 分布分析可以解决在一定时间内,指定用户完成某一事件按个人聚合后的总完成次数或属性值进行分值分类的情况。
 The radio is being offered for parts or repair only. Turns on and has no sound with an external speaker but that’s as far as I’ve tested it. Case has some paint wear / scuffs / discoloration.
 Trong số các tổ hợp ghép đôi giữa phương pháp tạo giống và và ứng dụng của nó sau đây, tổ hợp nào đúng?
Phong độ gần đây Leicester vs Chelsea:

...

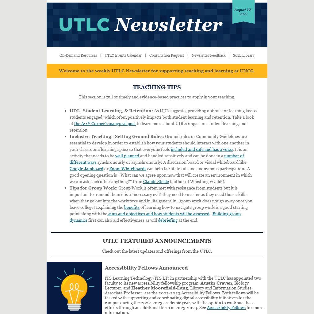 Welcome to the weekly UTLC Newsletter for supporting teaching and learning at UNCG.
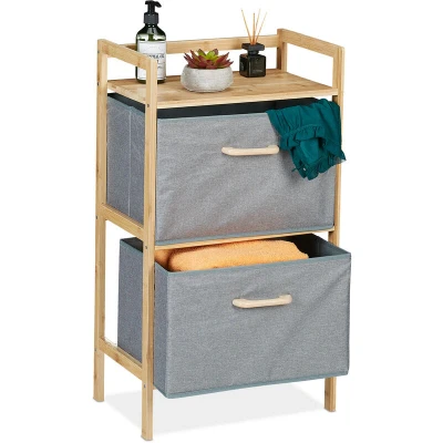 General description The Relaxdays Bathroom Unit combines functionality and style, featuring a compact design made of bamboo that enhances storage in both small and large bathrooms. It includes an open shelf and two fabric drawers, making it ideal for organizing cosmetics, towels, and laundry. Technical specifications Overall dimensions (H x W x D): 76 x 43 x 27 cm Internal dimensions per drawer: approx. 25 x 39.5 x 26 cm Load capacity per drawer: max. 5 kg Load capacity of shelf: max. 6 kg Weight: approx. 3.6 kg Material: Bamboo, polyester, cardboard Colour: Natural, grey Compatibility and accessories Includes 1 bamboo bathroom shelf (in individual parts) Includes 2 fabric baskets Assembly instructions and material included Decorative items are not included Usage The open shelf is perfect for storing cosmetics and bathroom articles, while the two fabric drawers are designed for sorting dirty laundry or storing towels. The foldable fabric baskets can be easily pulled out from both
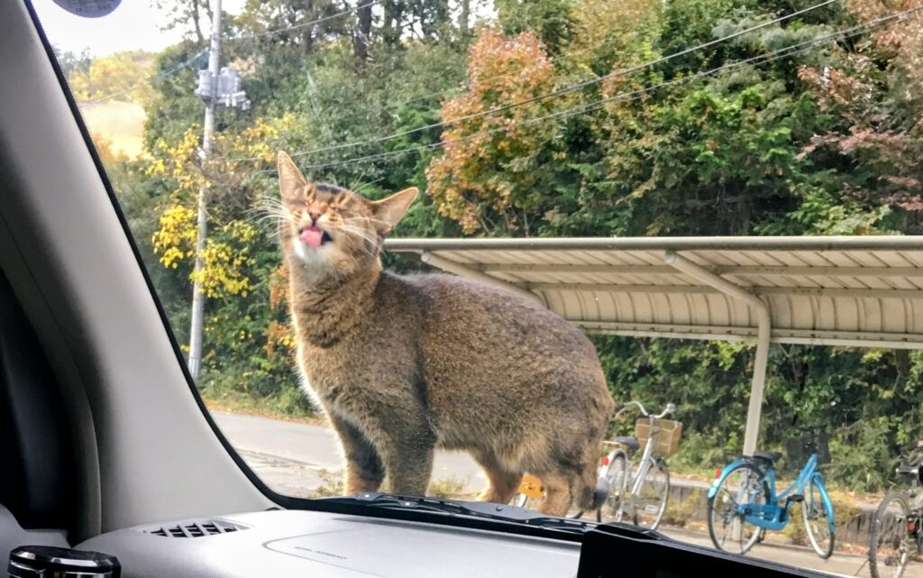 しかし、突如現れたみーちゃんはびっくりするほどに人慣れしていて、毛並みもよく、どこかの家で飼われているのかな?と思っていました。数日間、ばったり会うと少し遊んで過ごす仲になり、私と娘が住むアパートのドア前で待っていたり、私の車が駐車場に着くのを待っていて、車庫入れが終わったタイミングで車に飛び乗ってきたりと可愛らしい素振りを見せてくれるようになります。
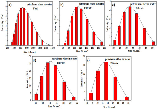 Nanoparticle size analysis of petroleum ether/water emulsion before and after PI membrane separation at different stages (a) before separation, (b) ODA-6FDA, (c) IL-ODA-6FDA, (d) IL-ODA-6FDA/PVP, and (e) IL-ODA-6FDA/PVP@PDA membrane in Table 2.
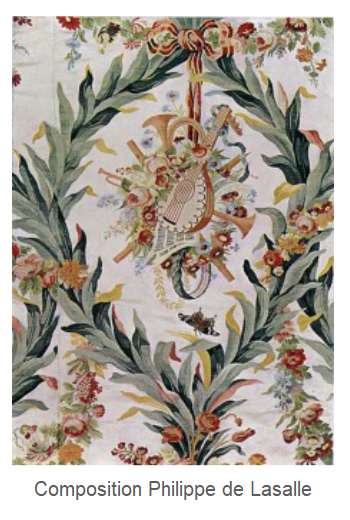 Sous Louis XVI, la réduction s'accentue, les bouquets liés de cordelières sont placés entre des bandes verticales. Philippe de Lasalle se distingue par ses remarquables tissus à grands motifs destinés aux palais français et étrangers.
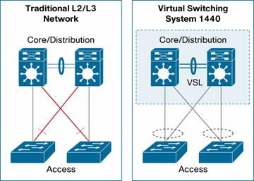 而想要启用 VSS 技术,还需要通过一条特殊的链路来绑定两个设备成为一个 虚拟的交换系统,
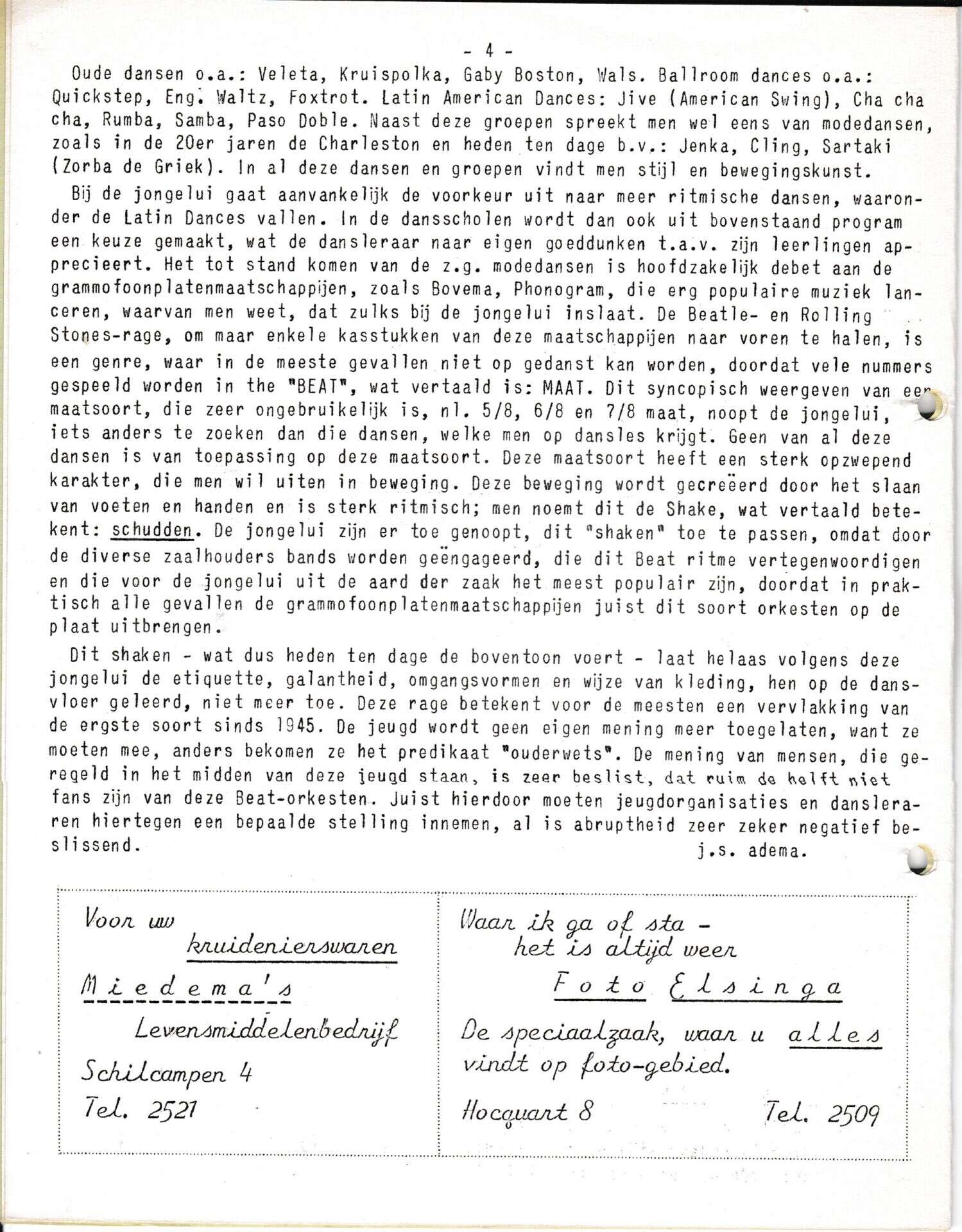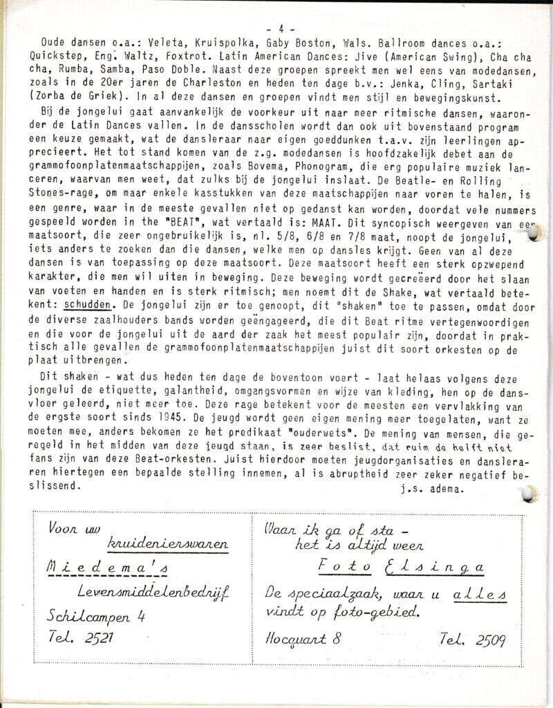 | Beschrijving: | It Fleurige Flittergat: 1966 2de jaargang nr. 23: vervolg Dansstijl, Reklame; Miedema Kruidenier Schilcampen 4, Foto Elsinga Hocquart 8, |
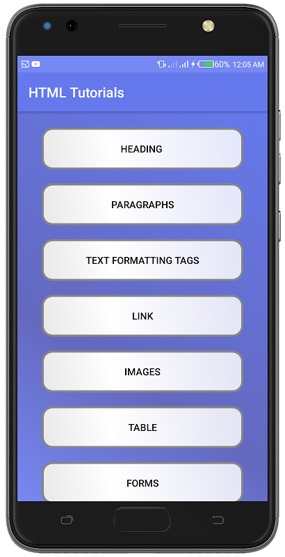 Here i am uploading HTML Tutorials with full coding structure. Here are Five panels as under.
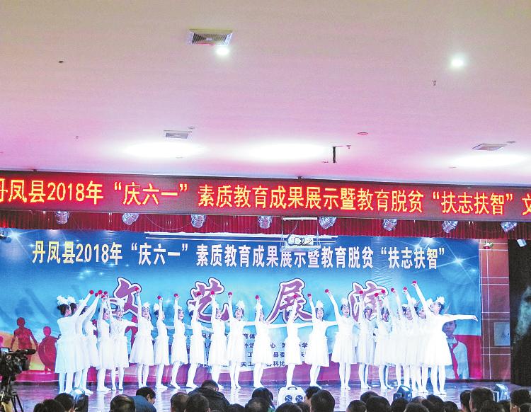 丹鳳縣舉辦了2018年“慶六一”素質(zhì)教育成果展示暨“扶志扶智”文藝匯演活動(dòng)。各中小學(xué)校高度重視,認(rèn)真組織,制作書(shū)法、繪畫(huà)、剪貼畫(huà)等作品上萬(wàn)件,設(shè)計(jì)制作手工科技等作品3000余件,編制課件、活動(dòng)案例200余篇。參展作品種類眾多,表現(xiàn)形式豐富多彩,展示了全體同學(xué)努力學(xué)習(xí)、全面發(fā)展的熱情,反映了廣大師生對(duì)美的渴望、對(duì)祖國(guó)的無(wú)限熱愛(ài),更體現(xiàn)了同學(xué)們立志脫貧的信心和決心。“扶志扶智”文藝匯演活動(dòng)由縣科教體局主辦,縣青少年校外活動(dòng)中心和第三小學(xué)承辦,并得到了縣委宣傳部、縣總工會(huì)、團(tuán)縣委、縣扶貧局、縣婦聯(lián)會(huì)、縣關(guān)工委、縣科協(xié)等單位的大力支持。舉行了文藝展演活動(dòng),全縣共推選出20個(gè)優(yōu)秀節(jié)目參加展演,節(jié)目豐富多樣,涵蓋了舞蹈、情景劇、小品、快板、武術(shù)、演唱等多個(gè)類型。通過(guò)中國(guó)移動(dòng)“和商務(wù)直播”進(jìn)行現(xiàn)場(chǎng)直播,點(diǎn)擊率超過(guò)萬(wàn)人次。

» Task directions
From the records above, copy only the lines running from the line holding "Hocquart 8, |" through the line holding "Here i am uploading", with no pictures.

» Answer to this exercise
 | Beschrijving: | It Fleurige Flittergat: 1966 2de jaargang nr. 23: vervolg Dansstijl, Reklame; Miedema Kruidenier Schilcampen 4, Foto Elsinga Hocquart 8, |
 Here i am uploading HTML Tutorials with full coding structure. Here are Five panels as under.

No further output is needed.